BT5153 Applied Machine Learning for Business Analytics

Course webiste for BT5153

View My GitHub Profile

BT5153

Selected Reports for 2019 Spring

Group 3

The report content is generally quite well done. There is good effort put in to construct dataset for their problem needs by combining various sources of data using various tools, which includes data gathering, cleaning, and transformation. This is in contrast to groups that just obtain data from a data source and sometimes just using it without analysis. There is also good work done in experimenting with various models with fine-tuning details clearly stated. Even constant/ adaptive learning rates, different activation functions, and weights for L2 regularisation were experimented for their neural network models. However, the report needs to be penalised due to the group leaving all important figures and results in the Appendix, which should have been regarded as optional materials. There is also a weird section where movie similarity is said to be useful to predict revenue, yet the group uses it just to identify similar movies instead of using this as a feature to predict movie revenue.

Group 4

The report is well done in general. Good work done in performing data analysis to discover over-presentation for one of the classification classes, looking at average length, syllabus, etc for the input text questions, analysing readability of questions. Also discussed why they used F1 instead of accuracy, good explanation of the strength of word embeddings over tf-idf features. Good work done in experimenting with traditional ML techniques, stacking, and a neural network. Also good work in using word clouds to see which unigrams and bigrams occur most frequently in sincere and insincere questions. There seems to be some confusion by claiming that word embeddings is a model when it is only initialising some weights of a neural network model. There must also be some mistakes made when running some of the models which displayed significant drop (up to half) in F1 when they introduced 6 additional features on top of their tf-idf 60000 features.

Group 12

Excellent work. The group demonstrated clearly how can various techniques work together to solve a business problem. The amount of effort and thought for this project is commendable. This is quite different from others approach in only building 1 model. They did an end-to-end data science project, starting with data scraping, then understanding the possible types of reviews, then labeling the reviews using sentiment analysis-topic models as a starting point, then curating list of replies, and lastly using machine learning algorithm to generate a reply to a review. The part on replies generation is interesting as it showcases how a problem can be solved with models of different complexities.

However, a better evaluation metric for the multi-class classification problem (section5.2) should be used instead of accuracy. While section 5.3 is a good attempt, its description and analysis are kind of abrupt, and can be improved upon.

Group 14

Excellent work. The report is coherent and clear. The ideas are well thought out, and the results from the model are actionable (recommending wine + giving a summary of description of the recommended wine).

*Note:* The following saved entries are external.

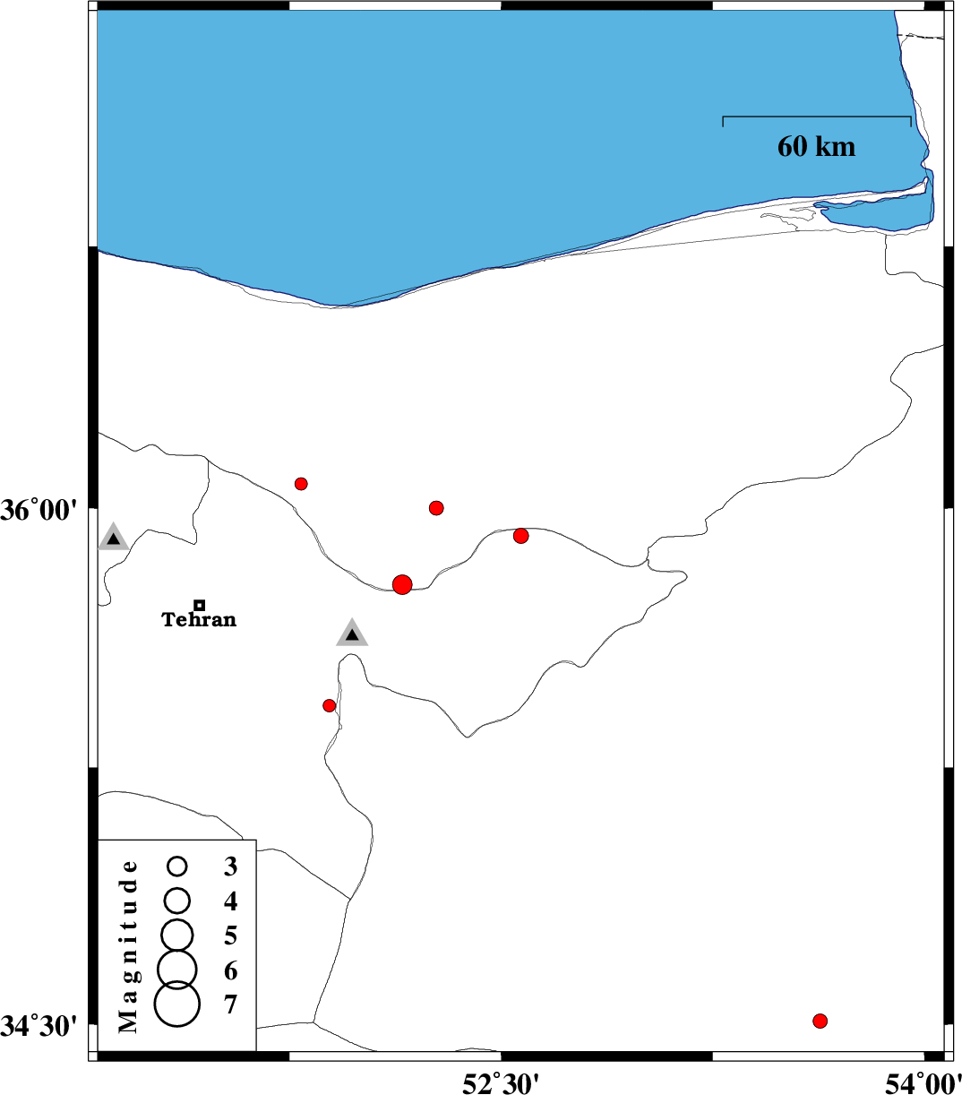 | 2013/06/30 | 08:08:36.9 | 12:38:36.9 | 34.51 | 53.63 | 14 | ML:2.3 | Semnan Province, 119 km South-East of Semnan | ||
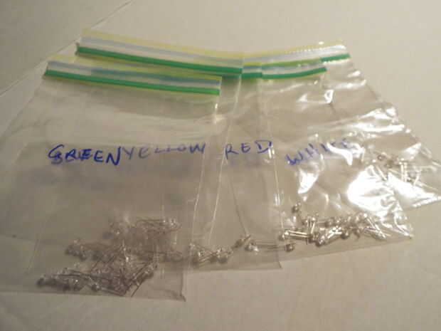 LEDs (diodos emisores de luz) vienen en varios colores, formas, alambres o tipo de montaje en superficie y brillo.
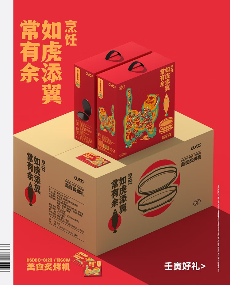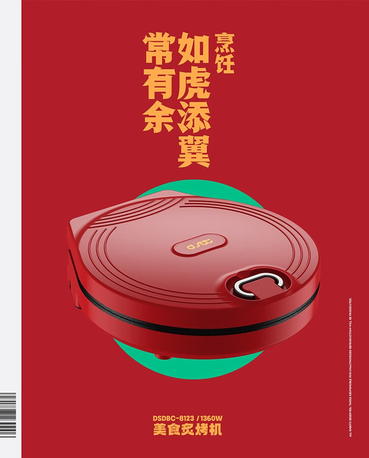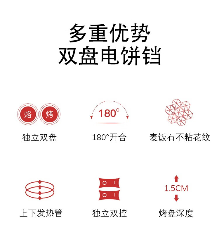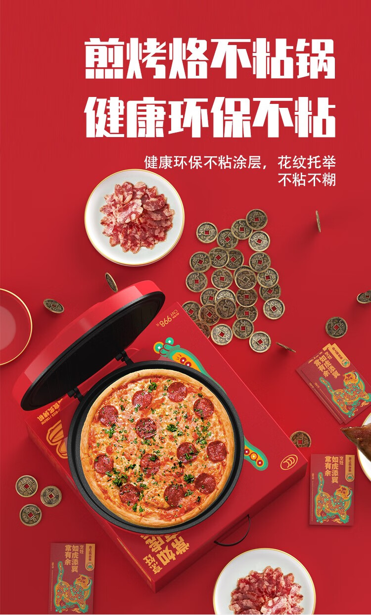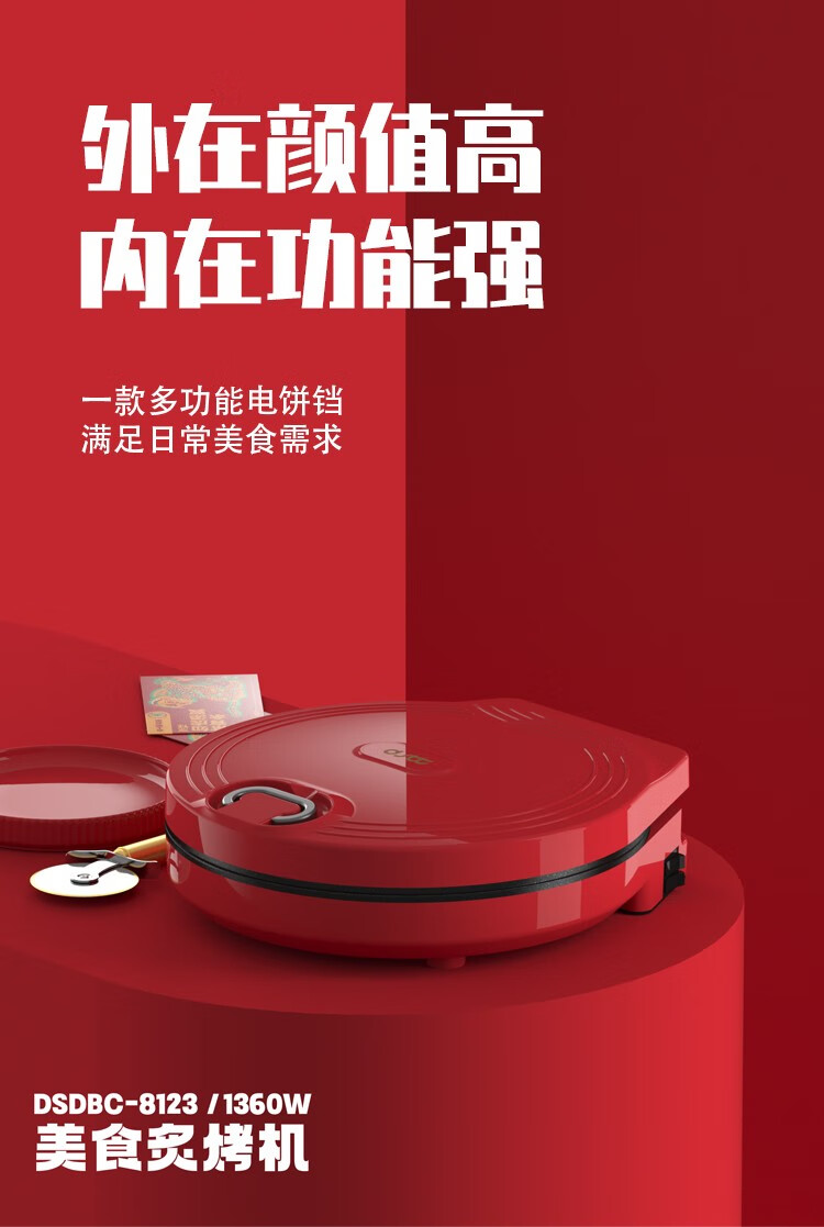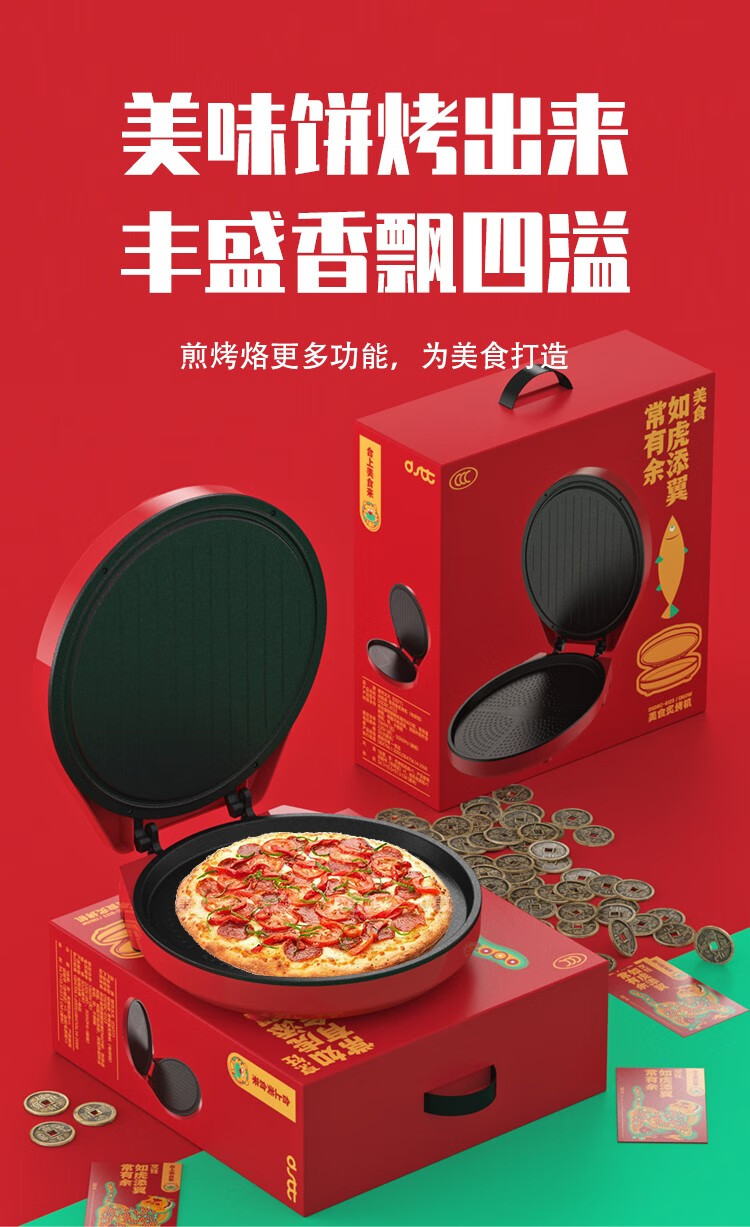 都市太太哒哒虎常有鱼电饼铛家用双面加热烙煎饼锅自动断电加大电饼档锅_中国红

Even though the models selected are not as technical as the other groups, this project is a good showcase of how to bring value to business problems using analytics, even without state-of-the-art models. The thought process of using lessons learnt from previous step (i.e exploratory data analysis) in the next step (feature engineering) is very nicely illustrated. Just one point to note, the features engineering portion is a little fluffy and can be improved upon.